_Task brief_
Only the lines of the listing below that run from the line with "만든 건축물.(사진=장용) |" through the line with "在食堂工作人员的耐心指导下,大家分工协作" are to be set down, word for word. Pictures stay out.

_Source information_
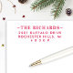 Family holiday return address self-inking stamper features your last name or family name in elegant serif type with stripe accents and modern sans serif return address text.
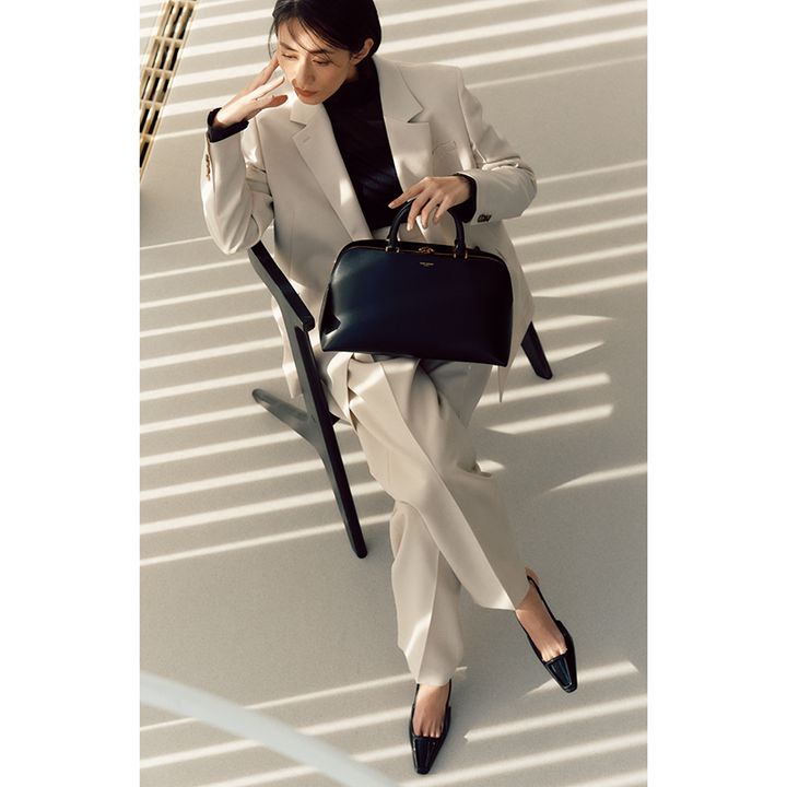 パンプス¥159,500 バッグ¥462,000(ともにサンローラン バイ アンソニー・ヴァカレロ/サンローラン クライアントサービス)ジャケット¥83,600 タックパンツ¥53,900(ともにエブール/エブール GINZA SIX店)シアートップス¥14,300(ランバン オン ブルー/レリアン)
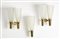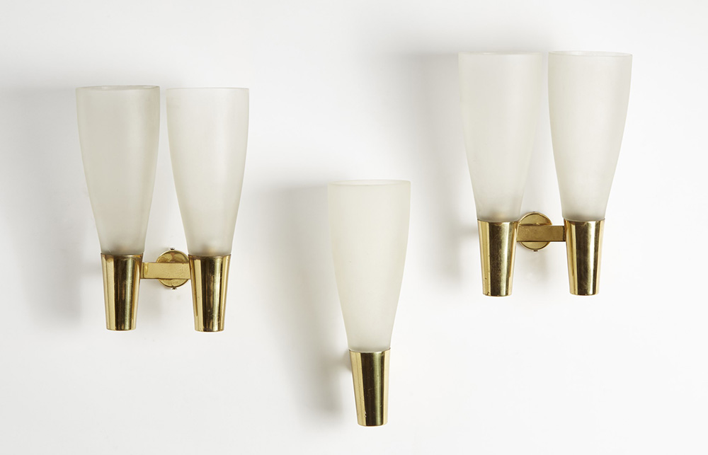 Pietro Chiesa - Gruppo di tre lampade da parete a una e due luci modello "1537". Produzione Fontana Arte, Milano, disegno 1936 ca, esecuzione anni 50. Ottone e vetro satinato (h cm 29) (difetti a un vetro e mancante di un supporto a muro)
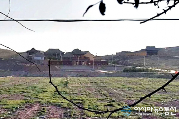 | 중국 간쑤성(甘肅省) 우에이(武威)와 닝샤후이족자치구 중간쯤 있는 흙벽돌로 만든 건축물.(사진=장용) |
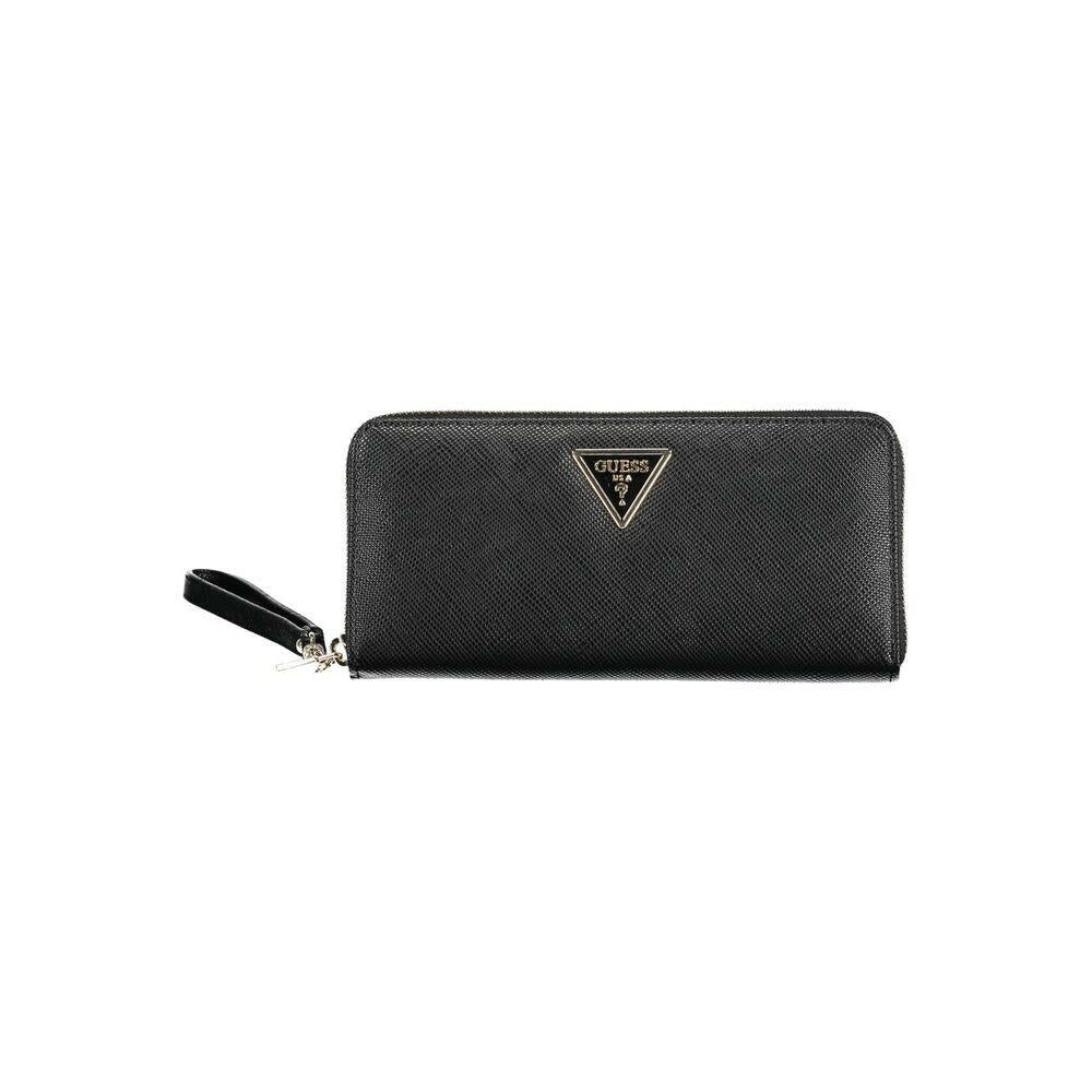 Elevate your accessory game with the Guess Jeans’ quintessential wallet, a true embodiment of style meeting function. This polished black wallet is designed with organization in mind, featuring four spacious compartments, a secure coin purse, and double the space for your cards. An external pocket provides quick access for on-the-go essentials, while the zip closure ensures everything stays in place. The removable drawer adds a layer of versatility, framed by eye-catching contrasting details. Flaunt the iconic Guess logo with every purchase you make.
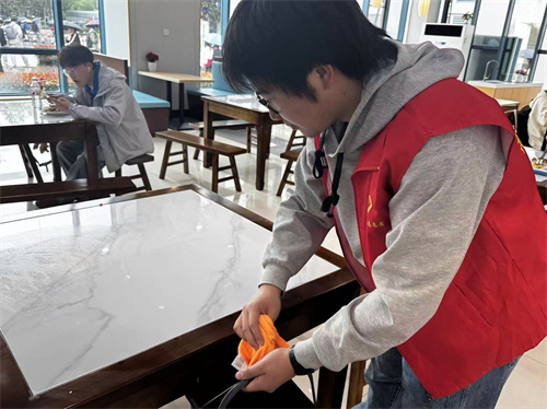 在食堂工作人员的耐心指导下,大家分工协作、有序开展各项服务工作。他们认真向食堂阿姨学习餐具分类与回收的流程,引导同学们用餐结束后将餐具放在指定地点,仔细擦拭每一张餐桌,提醒同学们践行“光盘行动”,节约用餐,开展食堂满意度调查。通过亲身参与,志愿者们更加体会到食堂工作人员的不易,也对劳动的意义有了更真切的理解。
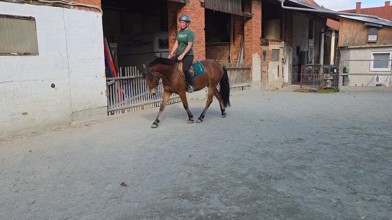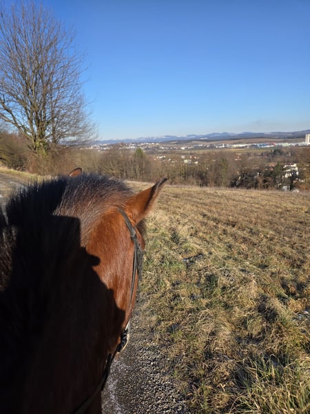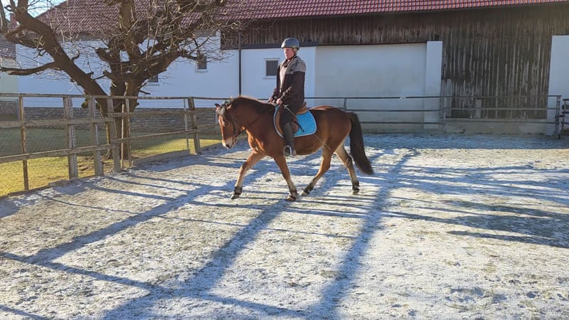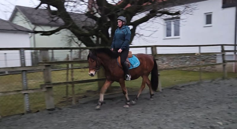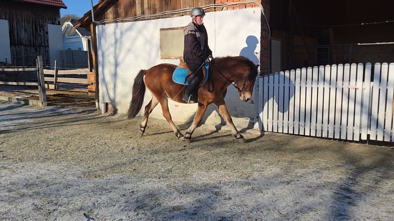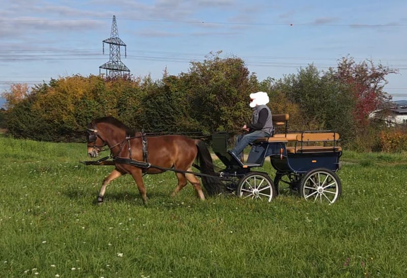 Leider geb ich meinen lieben Ponywallach weit unter dem Wert ab, aufgrund von Hausumbau. Er wird im September 4 Jahre. Er wurde bereits paar mal in der Kutsche gefahren, wo er sich sehr lernbereit zeigt. Dasselbe gilt für das Reiten. Er wurde im Oktober von uns selbst eingeritten. Er war von Anfang an motiviert mit ruhigen Grundcharakter bei der Arbeit. Ich kann alleine aufsteigen ohne das er wegrennt. Ebenso bis jetzt keine Unarten wie steigen oder buckeln...auch wenn er ( bedingt durch Baustelle) mal eine längere Stehpause hat. Er kennt die 3 GGA im Viereck sowie ausreiten alleine und mit anderen Pferden. Er ist kein Typ der unterm Arsch wegzischt wenn mal die Gerte ankommt oder sonstiges passiert. Er mag es wenn sich jemand mit ihm beschäftigt und mit ihm arbeitet. Da er jung ist benötigt er natürlich weitere Ausbildung....bisher hat er wirklich sehr gutes Potenzial gezeigt ein toller Wegbegleiter für groß/ klein zu werden. Seine Zähne wurden vor ca 1.Woche gemacht, ebenso entwurmt und geeimpft ist er natürlich auch (...das impfen gefällt ihm jedoch gar nicht) Aufgrund von Hausumbau hab ich mich nun entschließen müssen, 2 von meinen 3 Pferden abzugeben. Rufus deckt sowohl kleine als auch größere Reiter gut ab. Infos gerne per PN.

_Solved problem_
 | 중국 간쑤성(甘肅省) 우에이(武威)와 닝샤후이족자치구 중간쯤 있는 흙벽돌로 만든 건축물.(사진=장용) |
 Elevate your accessory game with the Guess Jeans’ quintessential wallet, a true embodiment of style meeting function. This polished black wallet is designed with organization in mind, featuring four spacious compartments, a secure coin purse, and double the space for your cards. An external pocket provides quick access for on-the-go essentials, while the zip closure ensures everything stays in place. The removable drawer adds a layer of versatility, framed by eye-catching contrasting details. Flaunt the iconic Guess logo with every purchase you make.
 在食堂工作人员的耐心指导下,大家分工协作、有序开展各项服务工作。他们认真向食堂阿姨学习餐具分类与回收的流程,引导同学们用餐结束后将餐具放在指定地点,仔细擦拭每一张餐桌,提醒同学们践行“光盘行动”,节约用餐,开展食堂满意度调查。通过亲身参与,志愿者们更加体会到食堂工作人员的不易,也对劳动的意义有了更真切的理解。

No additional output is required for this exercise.